- Opening Delimiter -
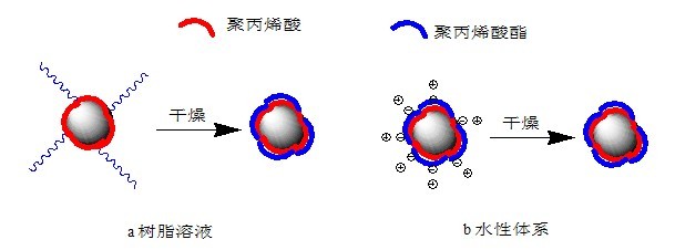 HT A20分子中的錨固部分由(甲基)丙烯酸、磷酸的均聚物或共聚物組成,通過和鈦白粉間的吸引力(配位作用、共價鍵)吸附在粒子表面,將粒子隔離開來。和樹脂相容的穩定部分由丙烯酸酯、甲氧基聚丙二醇丙烯酸酯無規共聚物組成,賦予表面改性后的鈦白粉粒子良好的再分散性,并且能穩定均勻分散在樹脂溶液和溶劑揮發后的樹脂中。在體系干燥過程中以及干燥后,和樹脂相容的部分能包覆在鈦白粉粒子表面,防止粒子聚集,使得鈦白粉粒子在樹脂中能均勻分散。圖2表示改性劑HT A20處理鈦白粉粒子后,HT A20在粒子表面的形態。圖2a表示在樹脂溶液或溶劑中,干燥前,改性劑的錨固部分和鈦白粉粒子間通過共價鍵、配位鍵結合在粒子表面上,聚丙烯酸酯部分充分伸展,通過空間位阻作用穩定粒子;干燥后,聚丙烯酸酯部分包覆在粒子上或和樹脂基體互相滲透。圖2b表示在水性體系中,干燥前,改性劑的聚丙烯酸錨固部分和鈦白粉粒子間通過共價鍵、配位鍵結合在粒子表面上,依靠靜電斥力穩定粒子;干燥后,聚丙烯酸酯部分包覆在粒子上或和樹脂互相滲透??梢?,雙親型嵌段聚合物改性劑HT A20對鈦白粉進行有機表面處理后,在有機溶劑體系和水性體系中,都能提高鈦白粉在介質中的分散穩定性并改善鈦白粉和樹脂的相容性。
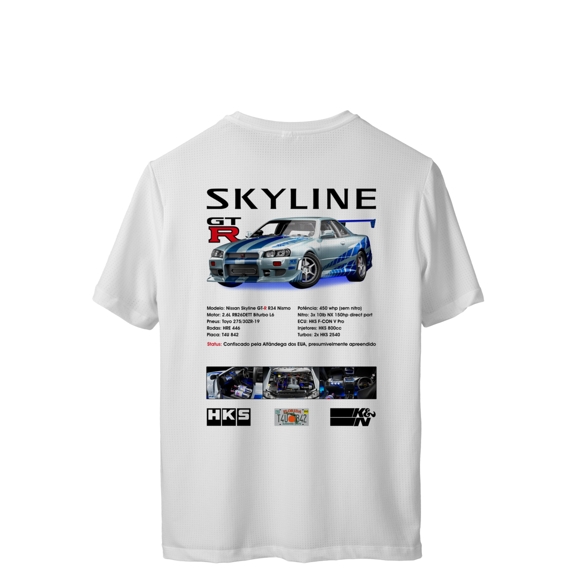 Na frente, o símbolo de afiliação da Auto Escola Brian O Conner, o "eu sou da turma" instantâneo que todos reconheciam. Nas costas, a sua garagem dos sonhos em formato de algodão: o carro, as especificações, os patrocinadores. É tudo seu. Sem o IPVA, o seguro exorbitante ou o medo constante de acordar e não encontrá-lo mais na garagem.
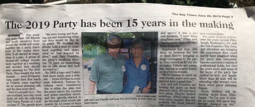 The 2019 Party was a friends and family reunion 15 years in the making. The party took place on June 26-30, 2019 on Kent Island, part of Maryland’s Eastern Shore. People came from across the country and as far away as Italy for days of fun, reunion and connections with friends new and old. It featured a parade, singalong, fireworks, variety show, treasure hunt, and more. Visit the party website for more.
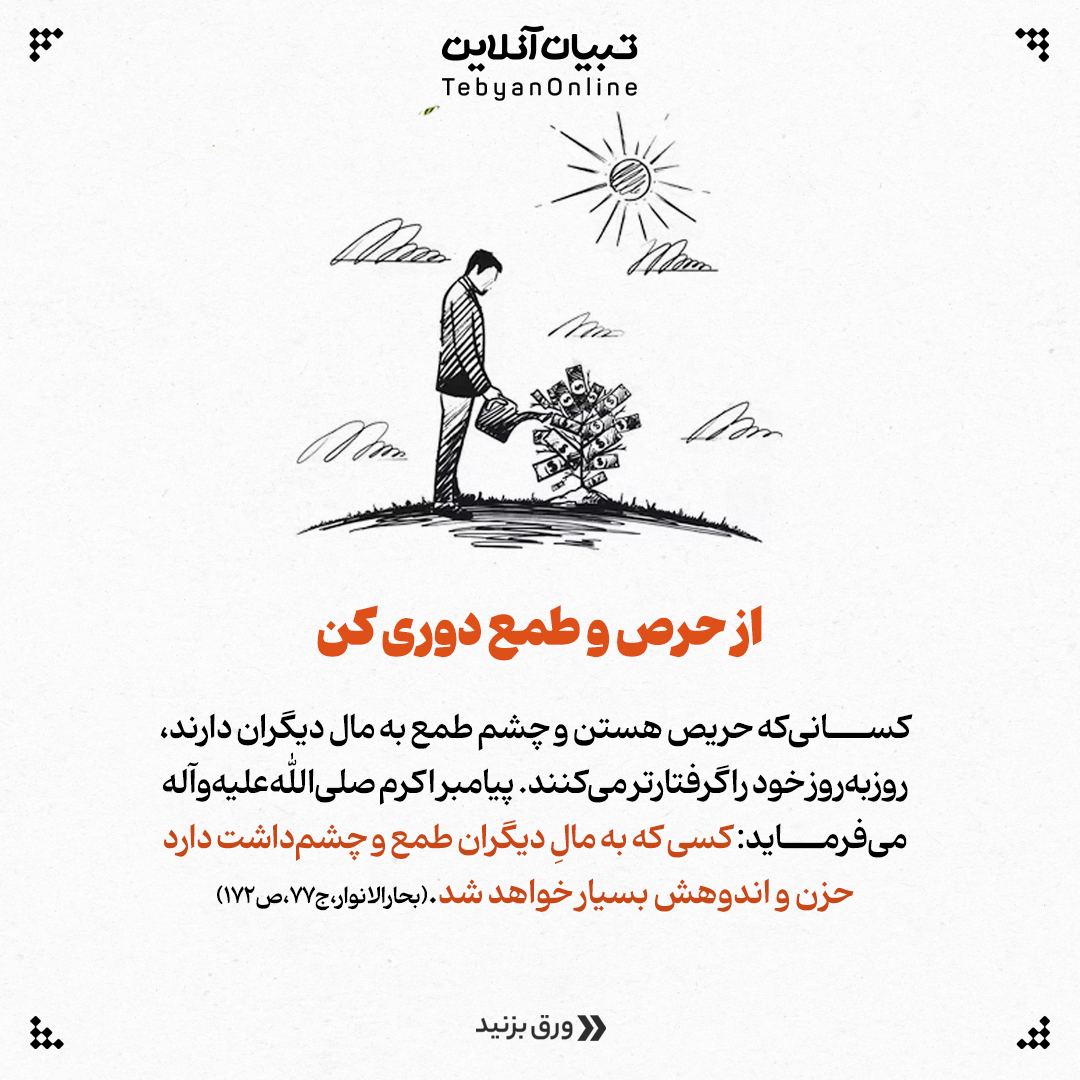 کسانی‌که حریص هستن و چشم طمع به مال دیگران دارند، روزبه‌روز خود را گرفتارتر می‌کنند. پیامبر اکرم ‌صلی‌الله‌علیه‌وآله می‌فرماید: کسی که به مالِ دیگران طمع و چشم‌داشت دارد حزن و اندوهش بسیار خواهد شد. (بحارالانوار، ج۷۷، ص۱۷۲)
- Closing Delimiter -
Please copy out the material above exactly, with the images removed.

(SOLVED PROBLEM):
 HT A20分子中的錨固部分由(甲基)丙烯酸、磷酸的均聚物或共聚物組成,通過和鈦白粉間的吸引力(配位作用、共價鍵)吸附在粒子表面,將粒子隔離開來。和樹脂相容的穩定部分由丙烯酸酯、甲氧基聚丙二醇丙烯酸酯無規共聚物組成,賦予表面改性后的鈦白粉粒子良好的再分散性,并且能穩定均勻分散在樹脂溶液和溶劑揮發后的樹脂中。在體系干燥過程中以及干燥后,和樹脂相容的部分能包覆在鈦白粉粒子表面,防止粒子聚集,使得鈦白粉粒子在樹脂中能均勻分散。圖2表示改性劑HT A20處理鈦白粉粒子后,HT A20在粒子表面的形態。圖2a表示在樹脂溶液或溶劑中,干燥前,改性劑的錨固部分和鈦白粉粒子間通過共價鍵、配位鍵結合在粒子表面上,聚丙烯酸酯部分充分伸展,通過空間位阻作用穩定粒子;干燥后,聚丙烯酸酯部分包覆在粒子上或和樹脂基體互相滲透。圖2b表示在水性體系中,干燥前,改性劑的聚丙烯酸錨固部分和鈦白粉粒子間通過共價鍵、配位鍵結合在粒子表面上,依靠靜電斥力穩定粒子;干燥后,聚丙烯酸酯部分包覆在粒子上或和樹脂互相滲透??梢?,雙親型嵌段聚合物改性劑HT A20對鈦白粉進行有機表面處理后,在有機溶劑體系和水性體系中,都能提高鈦白粉在介質中的分散穩定性并改善鈦白粉和樹脂的相容性。
 Na frente, o símbolo de afiliação da Auto Escola Brian O Conner, o "eu sou da turma" instantâneo que todos reconheciam. Nas costas, a sua garagem dos sonhos em formato de algodão: o carro, as especificações, os patrocinadores. É tudo seu. Sem o IPVA, o seguro exorbitante ou o medo constante de acordar e não encontrá-lo mais na garagem.
 The 2019 Party was a friends and family reunion 15 years in the making. The party took place on June 26-30, 2019 on Kent Island, part of Maryland’s Eastern Shore. People came from across the country and as far away as Italy for days of fun, reunion and connections with friends new and old. It featured a parade, singalong, fireworks, variety show, treasure hunt, and more. Visit the party website for more.
 کسانی‌که حریص هستن و چشم طمع به مال دیگران دارند، روزبه‌روز خود را گرفتارتر می‌کنند. پیامبر اکرم ‌صلی‌الله‌علیه‌وآله می‌فرماید: کسی که به مالِ دیگران طمع و چشم‌داشت دارد حزن و اندوهش بسیار خواهد شد. (بحارالانوار، ج۷۷، ص۱۷۲)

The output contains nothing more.